Longtemps avant de devenir clinicienne, éducatrice ou conseillère, Catherine Chan a appris
ce que veut dire prendre soin des autres en tenant simplement compagnie à des personnes qui
se sentaient invisibles. Alors qu’elle avait 12 ans, elle a fait du bénévolat dans une
résidence pour personnes âgées, passant du temps avec des résidentes et des résidents qui
voulaient non seulement de l’aide, mais également de la compagnie.
L’expérience l’a marquée, façonnant sa perception des soins, de la dignité et des liens
avec autrui : ce n’est pas tant une chose que l’on apporte, mais plutôt à laquelle on participe.
« Je peux encore voir les grands-mamans, les grands-papas me regarder avec amour, avec un
besoin profond d’attention, d’aide concrète, mais aussi celui de se faire entendre. »
Des dizaines d’années plus tard, cette expérience précoce continue de modeler la façon dont
Catherine aborde le travail social. Pendant plus de 40 ans de pratique (à titre de
clinicienne, éducatrice, leader et conseillère), elle est demeurée convaincue que
le véritable soutien commence par la présence.
Une grande partie du travail de Catherine a consisté à appuyer des personnes et des familles
face à la mort, à la fin de vie et au deuil — des situations que de nombreuses travailleuses
et nombreux travailleurs sociaux rencontrent dans leurs milieux de travail, mais pour
lesquelles ils se sentent souvent mal préparés. Pour Catherine, la difficulté n’est pas
seulement une question de compétences ou de connaissances, mais bien de la manière
d’être auprès des gens dans des moments de profonde vulnérabilité.
« Je crois que le plus beau cadeau que nous pouvons faire à nos clients est celui de la présence. »
Cette perspective a guidé son travail clinique, son enseignement et sa collaboration
de longue date avec l’équipe du perfectionnement professionnel de l’ATTSO. Grâce à cela,
Catherine a contribué à la conception de cours sur le counseling adapté à la culture en
matière de deuil, de soins palliatifs et de lutte contre le racisme anti-asiatique —
attirant l’attention sur les façons dont la culture, la famille, la migration et le racisme
influent sur les expériences liées à la maladie et à la perte.
L’enseignement de Catherine souligne que l’on ne vit jamais le deuil en vase clos.
Les valeurs culturelles influencent la manière de comprendre, d’exprimer et de vivre une perte,
alors que le racisme systémique peut créer des obstacles supplémentaires aux soins,
précisément au moment où les gens sont le plus vulnérables.
En enracinant le perfectionnement professionnel dans les expériences vécues et le contexte
culturel, Catherine a aidé les travailleuses et travailleurs sociaux à réfléchir plus
profondément à leur pratique et à mieux appuyer les communautés qu’ils servent.
En plus de sa pratique et de son rôle d’enseignante, elle a aussi contribué à la profession
par son travail consultatif et à travers ses efforts axés sur l’équité auprès de l’ATTSO.

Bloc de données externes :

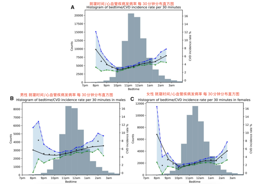 睡眠開始時間與心血管疾病發(fā)病率之間的關(guān)系,(A)總體樣本,(B)男性,(C)女性,圖源:參考文獻(xiàn) [1]
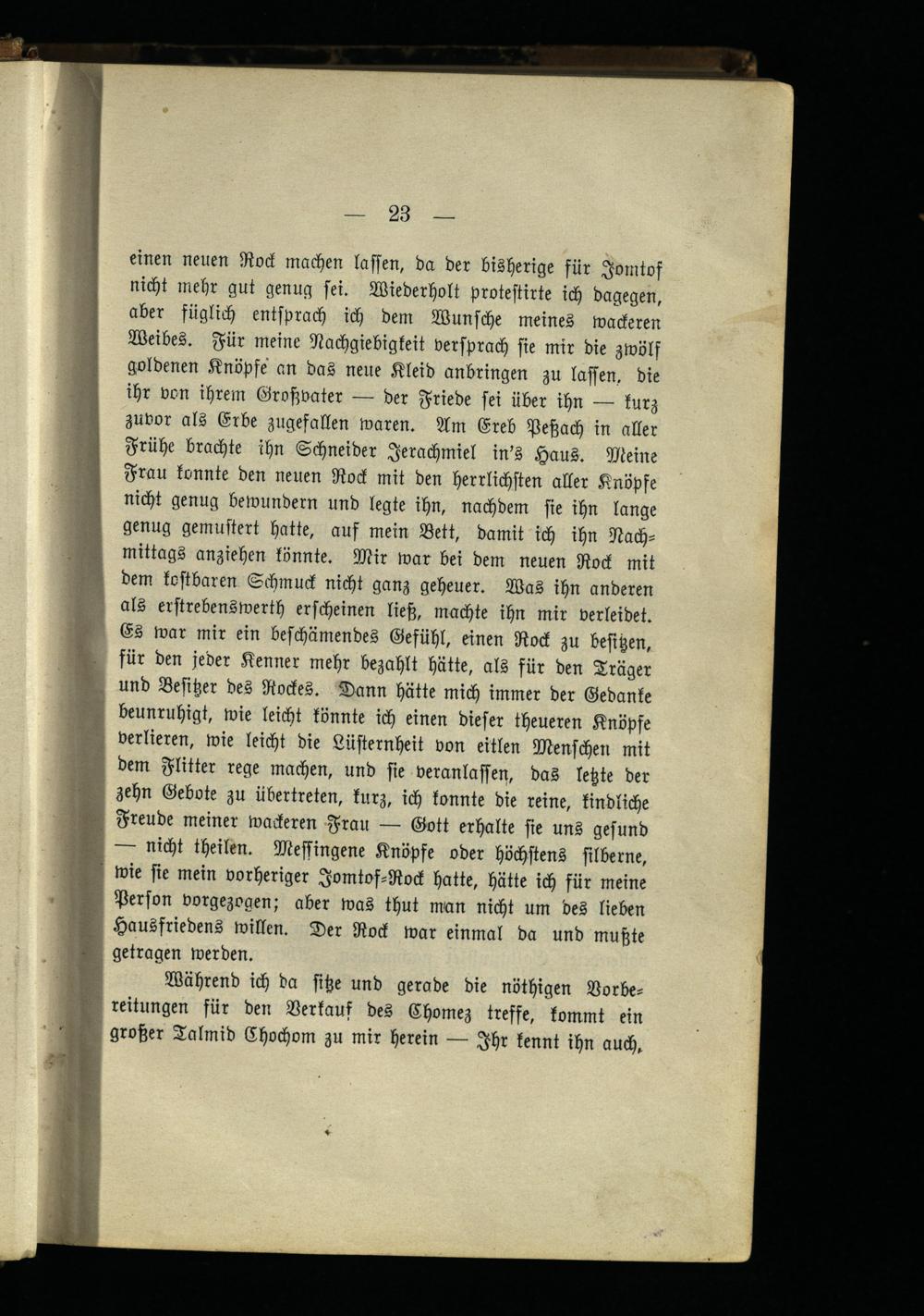 einen neuen Rock machen lassen, da der bisherige für Jomtof nicht mehr gut genug sei. Wiederholt protestirte ich dagegen, aber füglich entsprach ich dem Wunsche meines wackeren Weibes. Für meine Nachgiebigkeit versprach sie mir die zwölf goldenen Knöpfe an das neue Kleid anbringen zu lassen, die ihr von ihrem Großvater — der Friede sei über ihn — kurz zuvor als Erbe zugefallen waren. Am Ereb Peßach in aller Frühe brachte ihn Schneider Jerachmiel in's Haus. Meine Frau konnte den neuen Rock mit den herrlichsten aller Knöpfe nicht genug bewundern und legte ihn, nachdem sie ihn lange genug gemustert hatte, aus mein Bett, damit ich ihn Nachmittags anziehen könnte. Mir war bei dem neuen Rock mit dem kostbaren Schmuck nicht ganz geheuer. Was ihn anderen als erstrebenswerth erscheinen ließ, machte ihn mir verleidet. Es war mir ein beschämendes Gefühl, einen Rock zu besitzen, für den jeder Kenner mehr bezahlt hätte, als für den Träger und Besitzer des Rockes. Dann hätte mich immer der Gedanke beunruhigt, wie leicht könnte ich einen dieser theueren Knöpfe verlieren, wie leicht die Lüsternheit von eitlen Menschen mit dem Flitter rege machen, und sie veranlaßen, das letzte der zehn Gebote zu übertreten, kurz, ich konnte die reine, kindliche Freude meiner wackeren Frau — Gott erhalte sie uns gesund — nicht theilen. Messingene Knöpfe oder höchstens silberne, wie sic mein vorheriger Jomtof-Rock hatte, hätte ich für meine Person vorgezoaen; aber was thut man nicht um des lieben Hausfriedens willen. Der Rock war einmal da und mußte getragen werden.

Elle compare cette collaboration à une relation : un espace où se rencontrent apprentissage,
responsabilité et partage.
Pour Catherine, l’ATTSO est un lieu d’encouragement et d’ancrage professionnel, moins un
établissement qu’un retour chez soi.
Évoquant sa carrière, Catherine se souvient avoir été mise en garde très tôt contre
la charge émotionnelle du travail social. On lui disait qu’on a une « capacité limitée
à donner de l’amour ». Elle a écouté. Elle a réfléchi. Et elle a décidé de continuer.
« Me voici après 40 ans, et je suis encore là. Je suis fière d’être une travailleuse sociale
et je suis fière d’aider la prochaine génération. »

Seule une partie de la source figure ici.